Cats of his perfect beauty, of his perfect grace, possibly might be

found, Madame Jolicoeur grudgingly admitted, in the Persian royal

catteries; but nowhere else in the Orient, and nowhere at all in the

Occident, she declared with an energetic conviction, possibly could

there be found a cat who even approached him in intellectual

development, in wealth of interesting accomplishments, and, above all,

in natural sweetness of disposition--a sweetness so marked that even

under extreme provocation he never had been known to thrust out an angry

paw. This is not to say that the Shah de Perse was a characterless cat,

a lymphatic nonentity. On occasion--usually in connection with food that

was distasteful to him--he could have his resentments; but they were

manifested always with a dignified restraint. His nearest approach to

ill-mannered abruptness was to bat with a contemptuous paw the offending

morsel from his plate; which brusque act he followed by fixing upon the

bestower of unworthy food a coldly, but always politely, contemptuous

stare. Ordinarily, however, his displeasure--in the matter of unsuitable

food, or in other matters--was exhibited by no more overt action than

his retirement to a corner--he had his choices in corners, governed by

the intensity of his feelings--and there seating himself with his back

turned scornfully to an offending world. Even in his kindliest corner,

on such occasions, the expression of his scornful back was as a whole

volume of winged words!



But the rare little cat tantrums of the Shah de Perse--if to his so

gentle excesses may be applied so strong a term--were but as sun-spots

on the effulgence of his otherwise constant amiability. His regnant

desires, by which his worthy little life was governed, were to love and

to please. He was the most cuddlesome cat, Madame Jolicoeur

unhesitatingly asserted, that ever had lived; and he had a purr--softly

thunderous and winningly affectionate--that was in keeping with his

cuddlesome ways. When, of his own volition, he would jump into her

abundant lap and go to burrowing with his little soft round head beneath

her soft round elbows, the while gurglingly purring forth his love for

her, Madame Jolicoeur, quite justifiably, at times was moved to tears.

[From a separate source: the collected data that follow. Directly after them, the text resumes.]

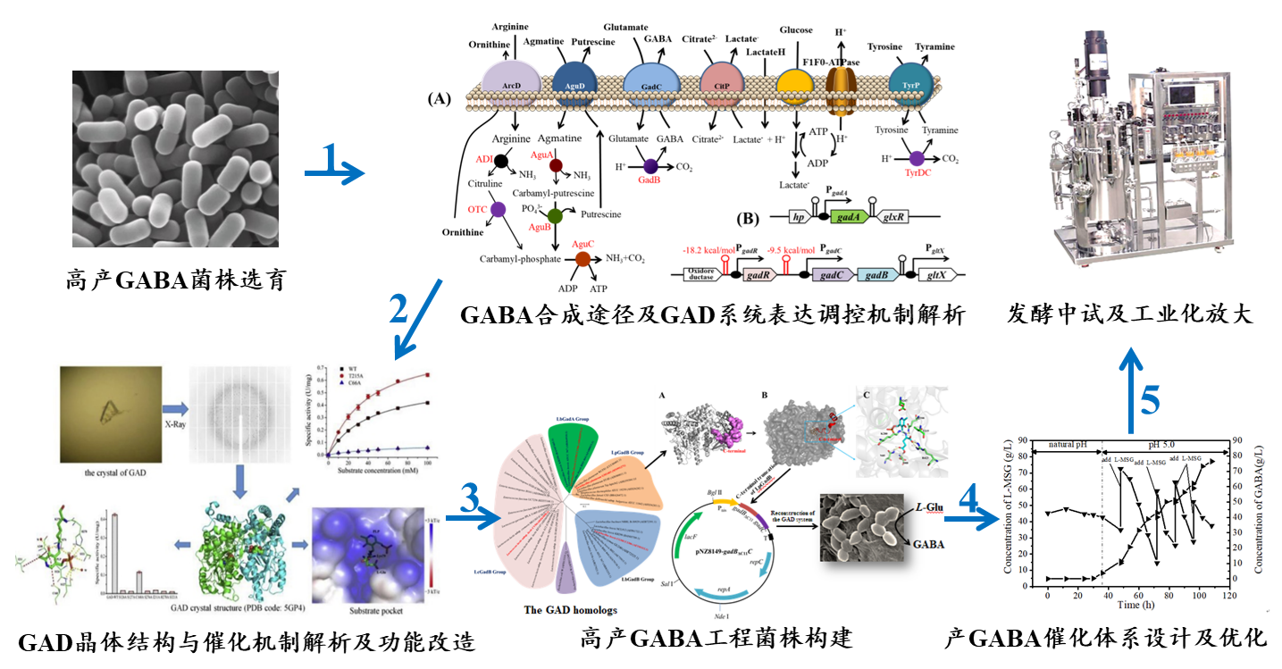 该项目由浙江科技学院、浙江大学、浙大宁波理工学院、山东阳成生物科技有限公司与浙江汇能生物股份有限公司共同完成。项目组基于具有自主知识产权的短乳杆菌菌株,以高效合成γ-氨基丁酸(GABA)为研究目标,阐明了短乳杆菌谷氨酸脱羧酶(GAD)系统中关键蛋白的转录调控机制及其在细胞抵御环境酸胁迫、GABA合成过程中的具体作用,揭示了GAD操纵子中各相关基因的功能及基因间的相互作用机制;解析了乳酸菌GAD的晶体三维结构,在分子水平阐明了GAD的催化机制;提出了pH调控GAD催化活性的机理假说,发展了整合易错PCR、位点饱和突变、动态二硫键挖掘、折叠自由能预测、温度因子设计、蛋白表面电荷优化等方法的GAD定向进化技术,综合应用蛋白质工程、代谢工程、合成生物学及发酵过程优化等手段创制了多个具有高效合成GABA能力的工程菌株及工程酶,建立了GABA生物催化、提取加工生产示范线4条,开发GABA饲料添加剂新产品3个,不仅使得GABA的发酵水平及生产效率超过了国外发达国家水平,而且还取得了显著的经济和社会效益。
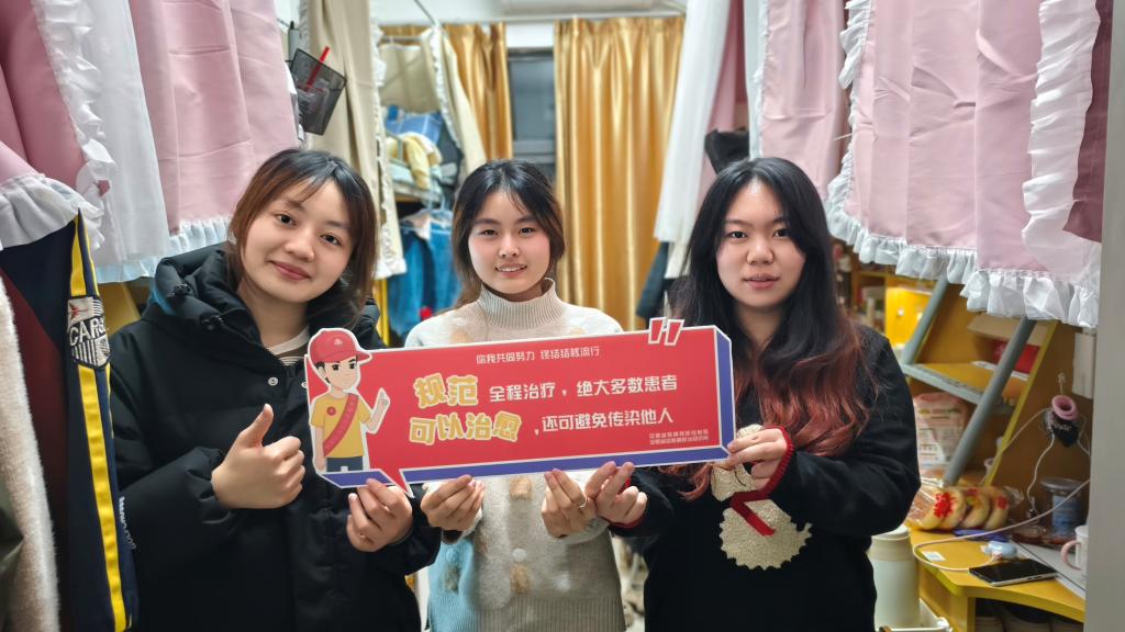 志愿者在宿舍开展进行防治结核病知识宣传活动
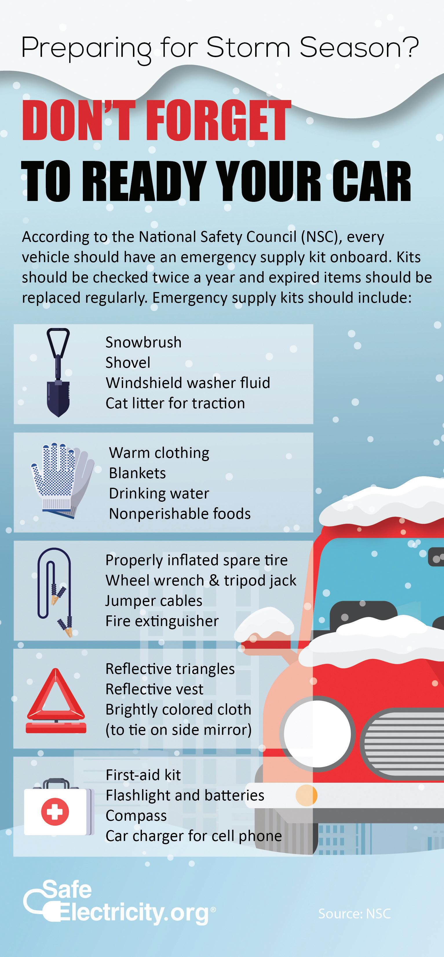 Pack an emergency kit - check out the graphic for details. Complete annual maintenance, test the car battery and cooling system, use winter tires and replace them if the tread is less than 2/32 of an inch, check tire pressure and wiper blades, add wiper fluid rated for less than minus 30 degrees and keep the gas tank at least half full.
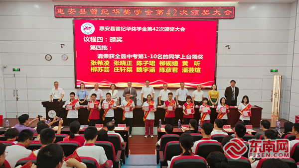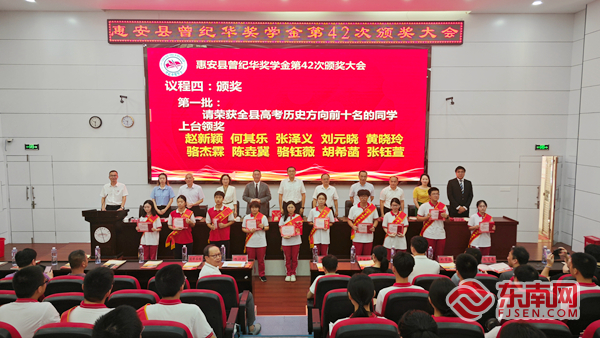 颁奖仪式现场。东南网记者 林杰 摄 东南网8月12日讯(本网记者 林杰)8月12日,曾纪华奖学金第42次颁奖典礼如期在惠安一中举行。曾纪华奖学金委员会代表、惠安县相关部门领导、获奖学校师生代表等到场参加活动。 今年曾纪华奖学金共颁发19.75万元奖学金,奖励了50名2024届优秀毕业生,其中高考学子30名,中考学子20名。获奖学生代表、现已被清华大学录取的惠安一中高三毕业生赵新颖同学向曾纪华奖学金委员会及相关部门表示感谢,她说,曾纪华老先生乐善好施、无私奉献的精神激励着一代代惠安学子,鼓舞着我们不断成长,奋发有为。我们将不忘来时路,在不远的将来,为家乡的各项事业作贡献。

Equally was his sweet nature exhibited in his always eager willingness

to show off his little train of cat accomplishments. He would give his

paw with a courteous grace to any lady or gentleman--he drew the caste

line rigidly--who asked for it. For his mistress, he would spring to a

considerable height and clutch with his two soft paws--never by any

mistake scratching--her outstretched wrist, and so would remain

suspended while he delicately nibbled from between her fingers her

edible offering. For her, he would make an almost painfully real

pretence of being a dead cat: extending himself upon the rug with an

exaggeratedly death-like rigidity--and so remaining until her command to

be alive again brought him briskly to rub himself, rising on his hind

legs and purring mellowly, against her comfortable knees.



All of these interesting tricks, with various others that may be passed

over, he would perform with a lively zest whenever set at them by a mere

word of prompting; but his most notable trick was a game in which he

engaged with his mistress not at word of command, but--such was his

intelligence--simply upon her setting the signal for it. The signal was

a close-fitting white cap--to be quite frank, a night-cap--that she

tied upon her head when it was desired that the game should be played.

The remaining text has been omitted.